By Soter Tarh Agbaw-Ebai
20, February 2025
October Presidential Election: Will 92-year-old Biya be re-elected? 0
It actually seems like a done deal even though Cameroonians both French and English speaking will not vote for him.
Shortly after he took office from the late President Ahmadou Ahidjo, he pretended to be a man of rigour and moralization. And after 42 years in power, it is now certain that President Paul Biya will be running for an eighth term, and he is expected to win comfortably without campaigning.
He has not submitted the necessary documents to run on October 11, but the activities of his acolytes are quashing any uncertainty surrounding his decision. To justify his intention to run, senior Cameroon government officials from his Beti Bulu tribal extraction have been busy explaining that at 92, he is being urged to do so by other political parties and the civil society.
In fact, Cameroon’s numerous opposition parties have not put forth any credible candidate for the elections. Even the SDF of Joshua Osih and the MRC of Maurice Kamto have still not even formed a coalition.
No specific reason has been put forward to justify why a 92-year-old man still wants to remain in office. Biya’s only curt explanation is that he has experience that has failed to deliver anything positive to the Cameroonian people leaving observers perplexed.

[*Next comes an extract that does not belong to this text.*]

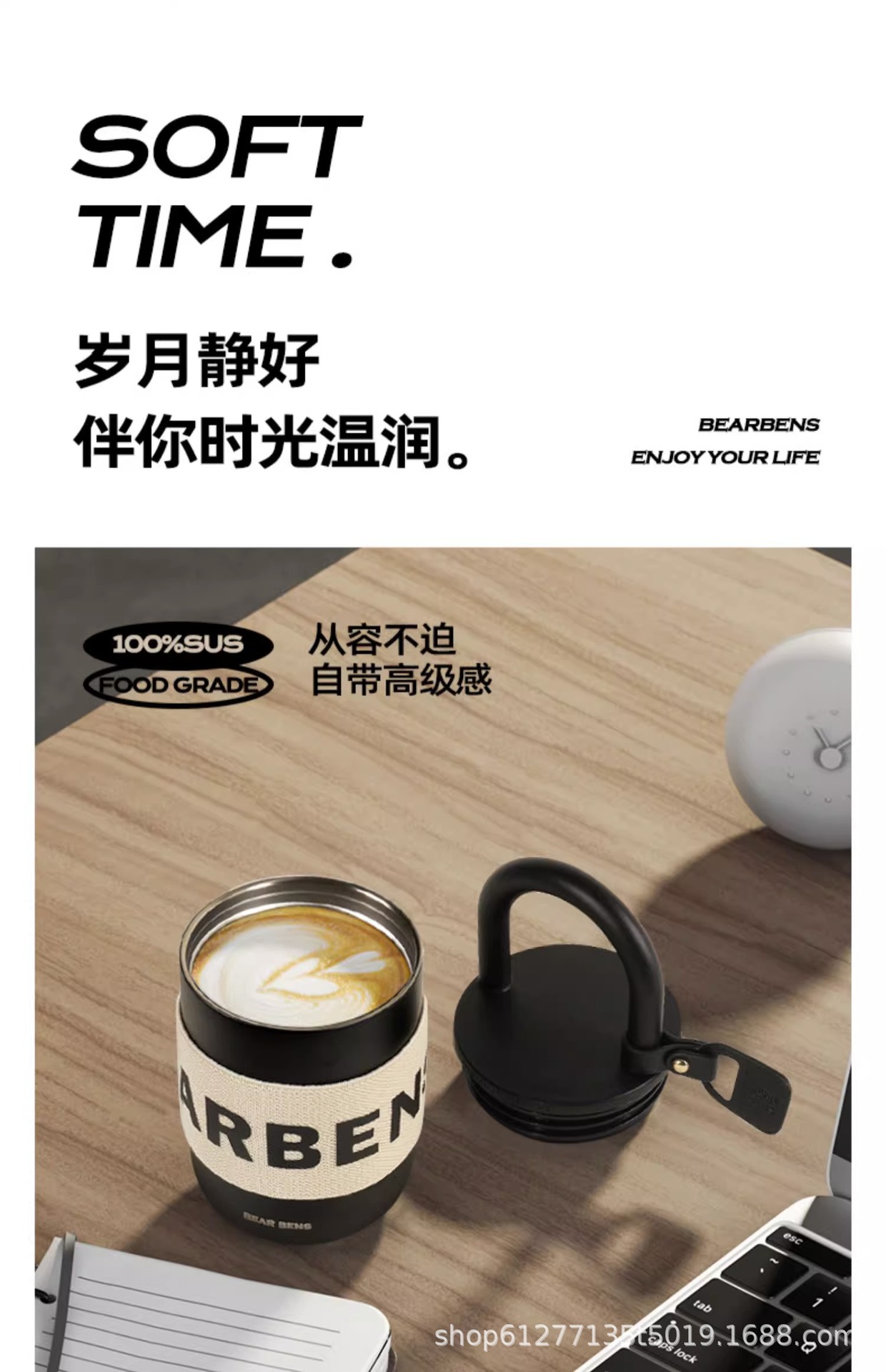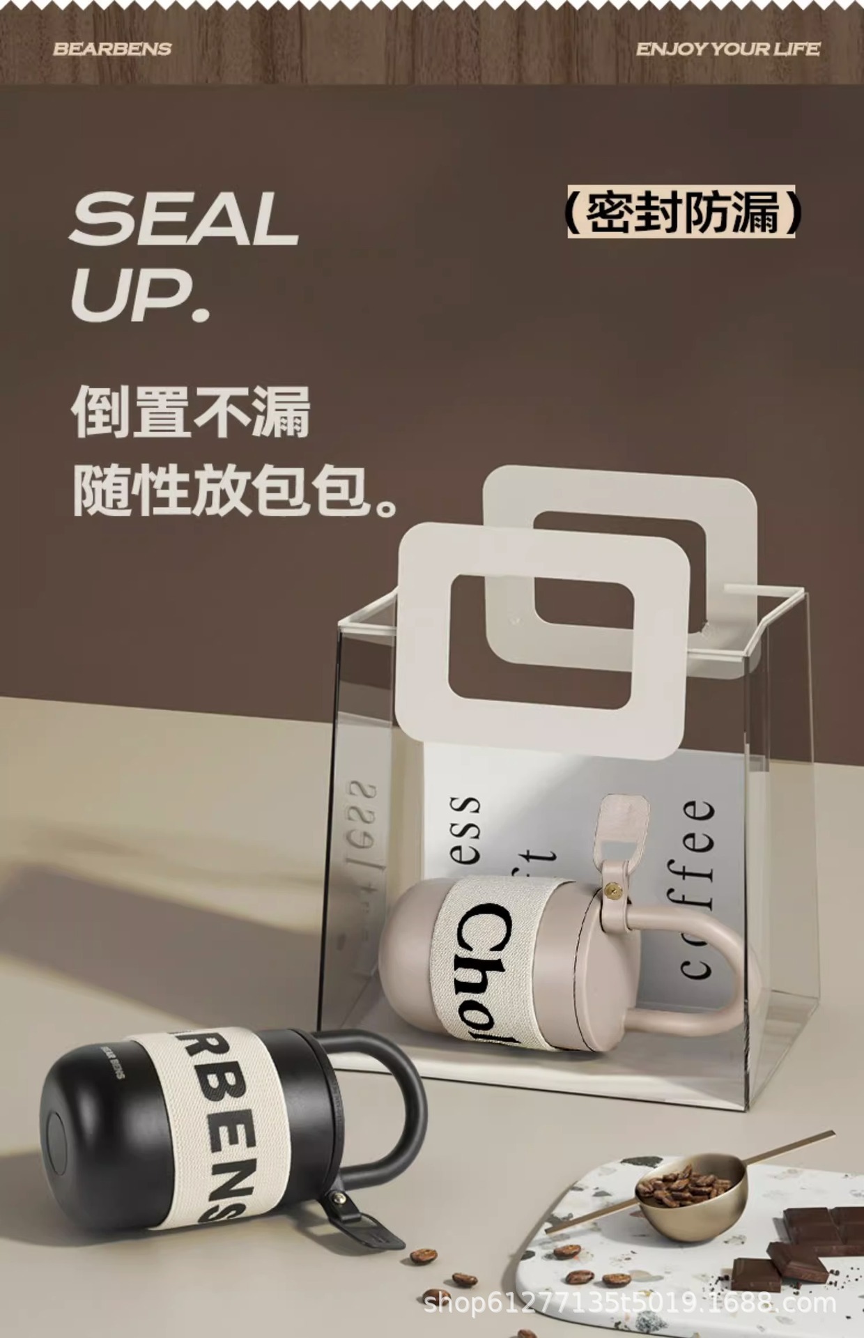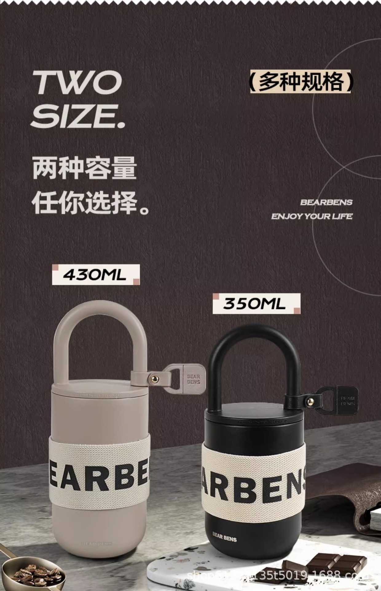 Cốc giữ nhiệt hình khóa BEARBENS Kumamoto có thể đeo chéo, cốc nước đi kèm giá trị cao, cốc cà phê, cốc bán buôn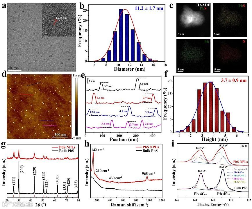 二维硫化铅纳米片作为优异的光学活性材料被广泛应用于光电器件的制备,然而当下制备二维硫化铅的方法主要是自下而上的溶液生长法,得到的纳米片大都在几百纳米甚至几微米尺度,导致材料表面具有较多的缺陷从而限制了该材料的进一步应用。近期,深圳大学张晗教授课题组报道了一种简便的液相剥离法制备超小硫化铅纳米片,如图1所示,该纳米片具有11.2±1.7纳米的横向尺寸和3.7±0.9纳米的厚度。XRD表明液相剥离并没有改变所得材料的晶体结构,而尺寸的减小使得材料表面存在少量的氧化。

His cabinet ministers and ELECAM officials, the body responsible for organizing elections in Cameroon are busy making things harder for opponents to mobilize their bases and to organize protests. Employees and civil servants who attempt to strike are ruthlessly crushed and severely dealt with!
Biya’s ministers have been campaigning for several months now but there is nothing for them to take advantage of in each outing to boast about his record.

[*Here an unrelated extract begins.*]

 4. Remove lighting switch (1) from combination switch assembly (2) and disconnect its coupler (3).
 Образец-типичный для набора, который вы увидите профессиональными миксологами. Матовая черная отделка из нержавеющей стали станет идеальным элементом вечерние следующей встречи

Biya’s 42-years in office have been a prominent and successful failure in the fight against corruption. He has been unable to recover money held abroad by oligarchs close to him. All what his Special Criminal Court claims to do in the fight against corruption ranges from plain fiction to the most absurd. Cameroon as a nation is losing everything including its international presence.
In his forty-two year presidency, Cameroon became the first African country to introduce unemployment benefits for traditional rulers who have all abandoned their villages and are currently living in big cities such as Douala and Yaoundé.
Covid-19 funding disappeared amid rising inflation and Cameroonians have never benefited from increase in oil and gas prices under his leadership. Biya’s repression of civil liberties remains an indelible black mark on his administration. Yaoundé still has more than 5000 Southern Cameroons prisoners of conscience, including journalists, activists and the leader of the Southern Cameroons Interim Government Sisiku Ayuk Tabe.
The disintegration of the Anglophone press over the last six years following the Ambazonia uprising has been frightening. The few independent media houses that exist in French speaking Cameroon face financial troubles due to the difficulty of accessing funding of any kind.
Anglophone journalists are subject to regular intimidation that has become formalized in recent years through the arrest and harassment of those who speak critically of the Francophone dominated regime. Journalists who will be allowed to cover the presidential elections will most likely be, as for previous elections, handpicked by the authorities. This will not be a new occurrence.
We of the Cameroon Concord News Group are of the opinion that the presidential elections will be a hoax. So, boycott or participate is the question that Cameroonian political parties and voters will face this coming October.